Verweerder benoemt in de reactie op het beroepschrift dat het van belang is dat een kind bij de moeder verblijft, maar dat in dit geval, juist met het oog op de veiligheid van klaagsters dochter, is beslist om het gezamenlijk verblijf van klaagster en haar dochter in het moeder-en-kind-huis te beëindigen. Ook volgt daaruit dat, naar aanleiding van klaagsters verzoek om overplaatsing, uitgebreid overleg is geweest in de PI Zwolle en de locatie Ter Peel. Klager is overgeplaatst naar de PI Zwolle, omdat de directeur van de locatie Ter Peel – mede in relatie met de gerapporteerde voorvallen – niet langer de verantwoordelijkheid kon nemen voor de zorg aan klaagster en haar dochter op de aan haar toegewezen afdeling.
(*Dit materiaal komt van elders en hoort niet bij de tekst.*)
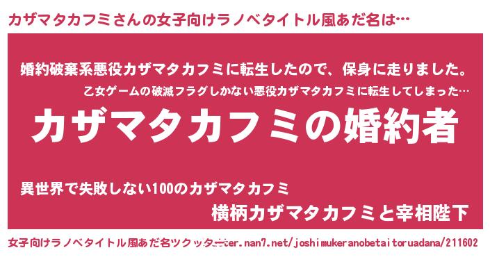| ファンタジー風あだ名 | 『エターナルカザマタカフミー』 |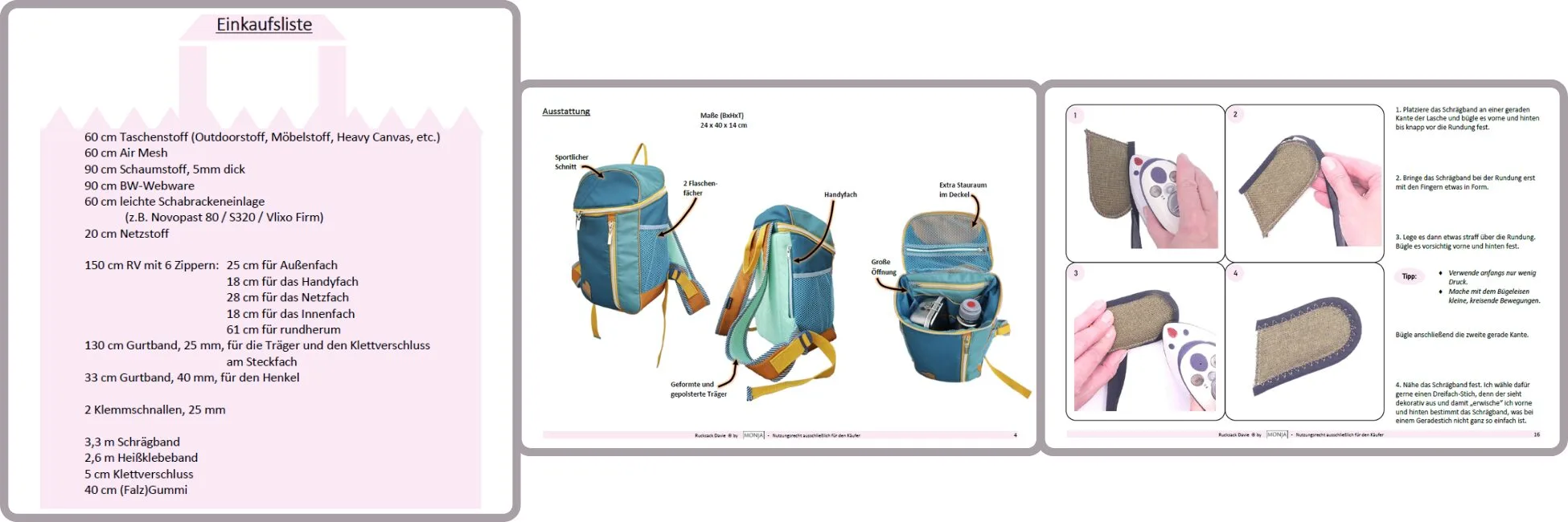 Collage aus der Anleitung zu Rucksack Davie

Bovendien dient gewicht te worden toegekend aan het feit dat – blijkens het dossier – de directeur van de locatie Ter Peel het op dit moment onverantwoord acht om klaagster met haar dochter te ontvangen, ondanks dat het al enige tijd geleden is dat klaagster is overgeplaatst.
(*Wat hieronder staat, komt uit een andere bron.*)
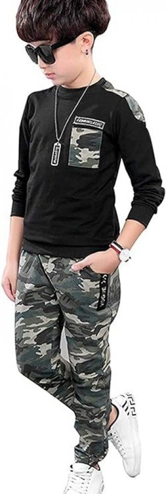 Položka obsahuje: tričko s dlouhým rukávem*1, maskáčové kalhoty*1. Materiál: Pohodlný kulatý výstřih. silná, měkká bavlněná směsová tkanina, vysoká kvalita a jemné zpracování. Ideální na jaro a podzim. Vlastnosti: Kalhoty s kamuflážním potiskem mají elastický pas a manžety pro dokonalé padnutí a pohodlí. 2 funkční boční kapsy. Vhodné pro malé chlapce a teenagery ve věku od 4 do 12 let: denní nošení, škola, klub, taneční cvičení, taneční oblečení, hodiny hip hopu atd.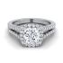 Platinum Cushion Diamond Halo Center with French Pave Split Shank Engagement Ring -3/8ctw with a 1.01ct H, VS1 Cushion Diamond

Het feit dat het nu goed lijkt te gaan tussen klaagster en haar dochter is een positieve ontwikkeling, maar is onvoldoende om te kunnen oordelen dat verweerder niet in redelijkheid tot zijn beslissing heeft kunnen komen.

Gelet op het voorgaande en bij afweging van alle in aanmerking komende belangen, kan de bestreden beslissing niet als onredelijk of onbillijk worden aangemerkt. De beroepscommissie zal het beroep daarom ongegrond verklaren.

4. De uitspraak

De beroepscommissie verklaart het beroep ongegrond.

 

Deze uitspraak is op 14 oktober 2022 gedaan door de beroepscommissie, bestaande uit mr. C. Fetter, voorzitter, F. van Dekken en mr. A. Jongsma, leden, bijgestaan door mr. M. Olde Keizer, secretaris.